Micron Machinery FY2026 Outlook: Guidance Points to Continued Challenges
Micron Machinery Co., Ltd. (ミクロン精密株式会社, TSE:6159), a leading manufacturer of grinding machines in Japan, reported a significant decline in full-year fiscal 2026 results. Revenue fell 34.4% year-over-year (YoY) to JPY 1.85bn. The company also posted a rare operating loss, with operating profit turning negative at JPY -3 million, signaling a challenging period for the firm.
Key Numbers (JPY bn/M)
| Metric | FY2026 (Actual) | YoY Change |
|---|---|---|
| Revenue | JPY 1.85bn | -34.4% |
| Operating Profit | JPY -3M | N/A |
| Ordinary Income | JPY 616M | -21.7% |
| Net Profit | JPY 408M | -23.3% |
| Operating Margin | -0.2% | - |
| Equity Ratio | 85.3% | - |
Business Overview Micron Machinery is a major player in the grinding machine industry, holding the top position in Japan for internal grinding machines, with a strong focus on automotive-related applications. The company has historically benefited from demand in the automotive sector, particularly for internal grinding machines.

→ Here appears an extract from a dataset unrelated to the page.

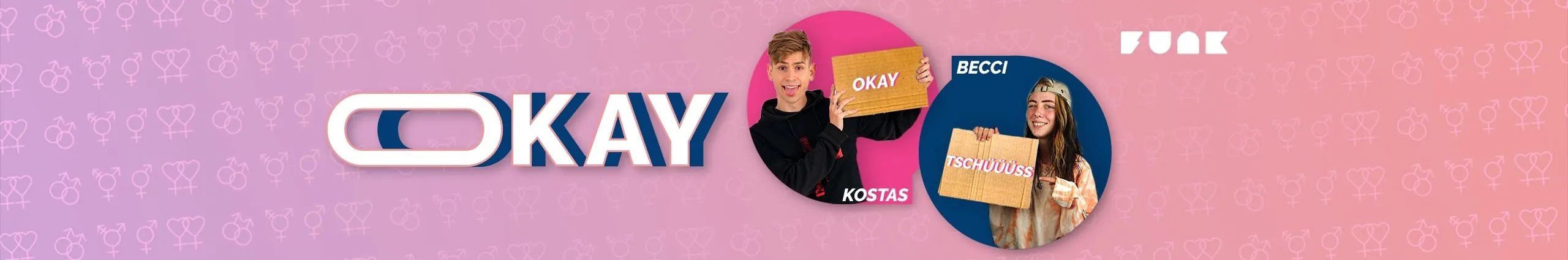 Auf OKAY wurde von euren Geschichten und Erfahrungen von uns, Rebecca Gubitzer, Kostas Kind und Annikazion, erzählt. Von witzig-unangenehmen LGBTQIA+ Alltagssituationen & den unterschiedlichsten Outing-Geschichten Da keine neue Staffel produziert wird, wird es ab dem 28.03.2021 keine neuen Videos geben, bestehende Videos könnt ihr aber immer noch ansehen und kommentieren. Außerdem findet ihr Kostas, Becci und Annika weiterhin auf ihren eigenen Kanälen und es gibt noch ganz viele andere tolle funk Kanäle, die spannende, witzige, interessante Videos für euch drehen, auch mit LGBTQIA-Themen. Das ganze OKAY-Team bedankt sich bei euch, ihr wart und seid eine großartige Community! OKAY wurde produziert von funk. funk ist ein Gemeinschaftsangebot der Arbeitsgemeinschaft der Rundfunkanstalten der Bundesrepublik Deutschland (ARD) und des Zweiten Deutschen Fernsehens (ZDF).

Analysis The sharp decline in revenue reflects broader industry headwinds, including weak demand and ongoing cost pressures. Operating profit turned negative for the first time in recent years, with the operating margin collapsing to -0.2%, a stark contrast to the industry average of 6.0%. This indicates a significant deterioration in profitability, driven by both falling sales and rising costs.
Despite the challenges, the company’s ordinary income and net profit remained positive, though both declined year-over-year. This suggests that non-operating items, such as interest income or other financial gains, may have helped cushion the impact of the operating loss. However, the overall picture remains one of declining performance, with the company struggling to maintain its previous levels of profitability.
Next Year Guidance The company has provided conservative guidance for the upcoming fiscal year, with revenue expected to remain slightly below this year’s full-year results at JPY 5.467bn, representing a -5.4% YoY decline. Operating profit is forecast to fall to JPY 381M, a -37.8% drop from the current year’s actuals. Ordinary income and net profit are also expected to decline by -40.3% and -42.2%, respectively.
Revenue target: JPY 5.467bn (-5.4% YoY) — conservative vs. current performance; operating profit target implies continued margin pressure.
What to Watch 1. Industry Conditions: Continued weakness in the automotive sector and broader manufacturing demand could further impact Micron Machinery’s performance. The company’s reliance on this sector makes it particularly vulnerable to macroeconomic shifts.